Facing History and Ourselves, in collaboration with the Los Angeles Museum of the Holocaust, has sponsored educator workshops this summer on the Holocaust and The Children of Willesden Lane by Mona Golabek and Lee Cohen. This book tells the story of Lisa Jura, Mona’s mother, as a Kindertransport survivor. Teachers will receive copies of The Children of Willesden Lane for their students, be invited to tour the the museum, and attend concert performances by Mona Golabek at the Dorothy Chandler Pavilion in October.
One of the lessons The Children of Willesden Lane teaches is about the complexities of living during a time when Jewish people were faced with a decreasing range of choices in Nazi Germany leading to the Holocaust. Lisa Jura’s story teaches us what it means to be a refugee, to be alone, and nationless. Even though she escaped the concentration camps, she was not spared the pain of her parents’ deaths and the concern over the fates of her sisters. I am reminded of the point in the book where the war has ended and Lisa’s schoolmates are celebrating in the streets. The end of the war marked the beginning of a devastating time for Lisa and her Jewish friends who had to find out what had happened to their family members outside of England. The story beautifully ties together the themes of family and history.

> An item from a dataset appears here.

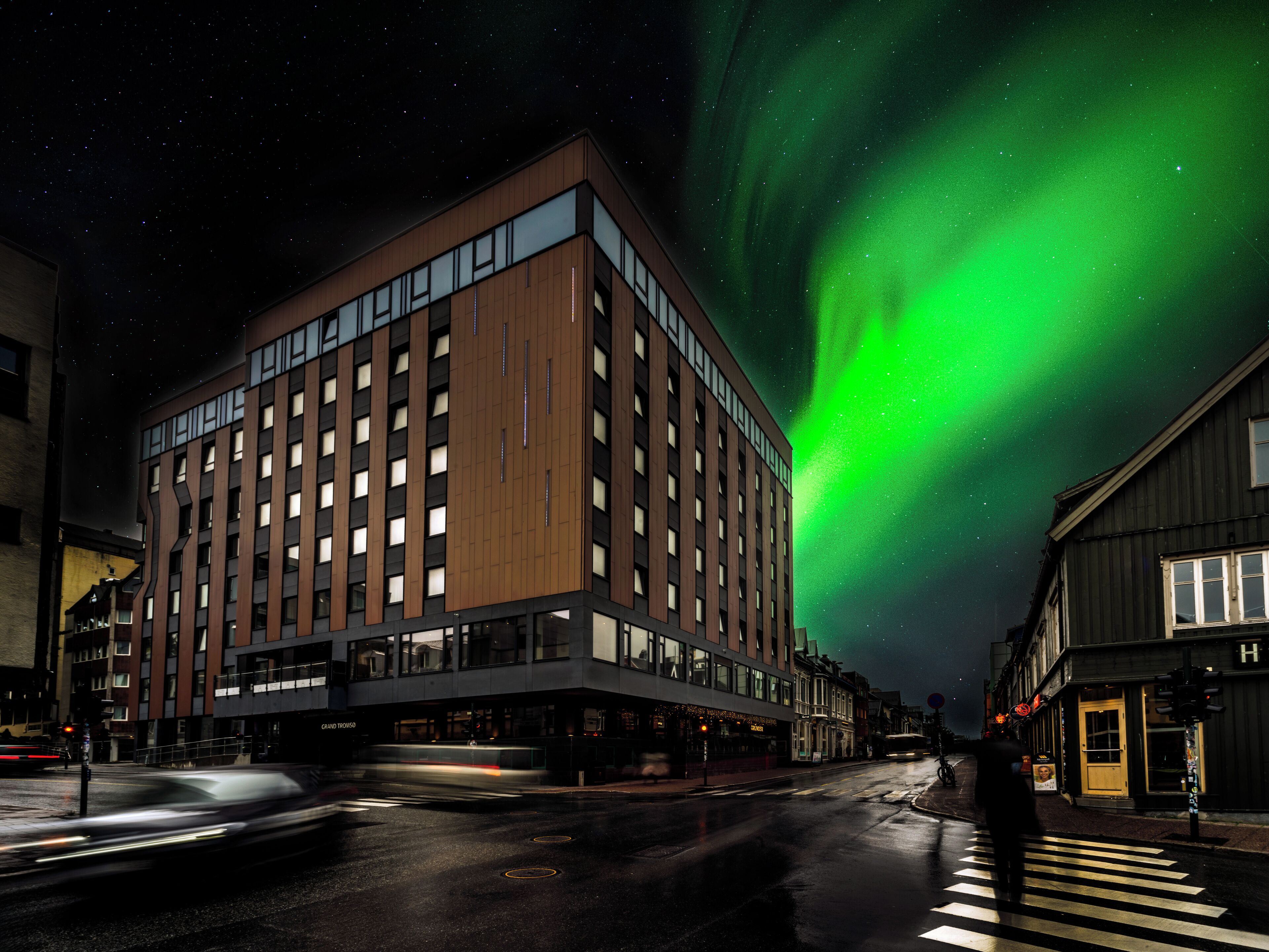 Located on Storgata shopping street in central Tromsø this modern hotel offers a large breakfast buffet and an in-house café and bar. The colourful rooms include comfortable beds and free WiFi. Each of Quality Hotel Grand Tromsø's rooms features wooden flooring a minibar and a flat-screen TV. Some rooms have seating areas and sound systems that can link to smartphones and tablets.The in-house café and bar serves lunch and free tea and coffee are available in the lobby. Quality Hotel Grand Tromsø also has a popular bar.Northern Lights tours can be arranged at reception. Attractions such as the Polar Museum and the Arctic Church are both within 10 minutes' walk. The airport bus stops right outside the hotel.

Why is it important to learn about this history?
Post your response below. The following is my response to that question:
In my opinion, it is important to learn about the Kindertransports in order to give students examples of people and nations that chose to be upstanders. England as a nation transported Jewish children to escape the Holocaust, but there are also many other examples in The Children of Willesden Lane of neighbors and everyday people helping others in whatever way they could. Standing up and helping others individually and as a nation is powerful. Amidst all of the chaos and cruelty of the war, the story shows glimmers of humanity and hope. It is important for students to know that there are many examples of upstanders in history and that it is possible for them to also be upstanders in our current society.
Stories such as Lisa Jura’s bear witness to parts of history we would never otherwise know. In my study of history in high school and college, the Kindertransports were barely mentioned. Also, it seemed that the story of WWII concluded when Germany was defeated by the Allies. However, because of memoirs and testimonies such as Lisa Jura’s I know now that the story doesn’t end there. In the million tragic stories that we hear about the Holocaust, Lisa Jura’s story stands out as a message of hope, of summoning the will to live and to thrive, and to help others when the world is at its bleakest.
What is one way that students can make a personal connection to The Children of Willesden Lane?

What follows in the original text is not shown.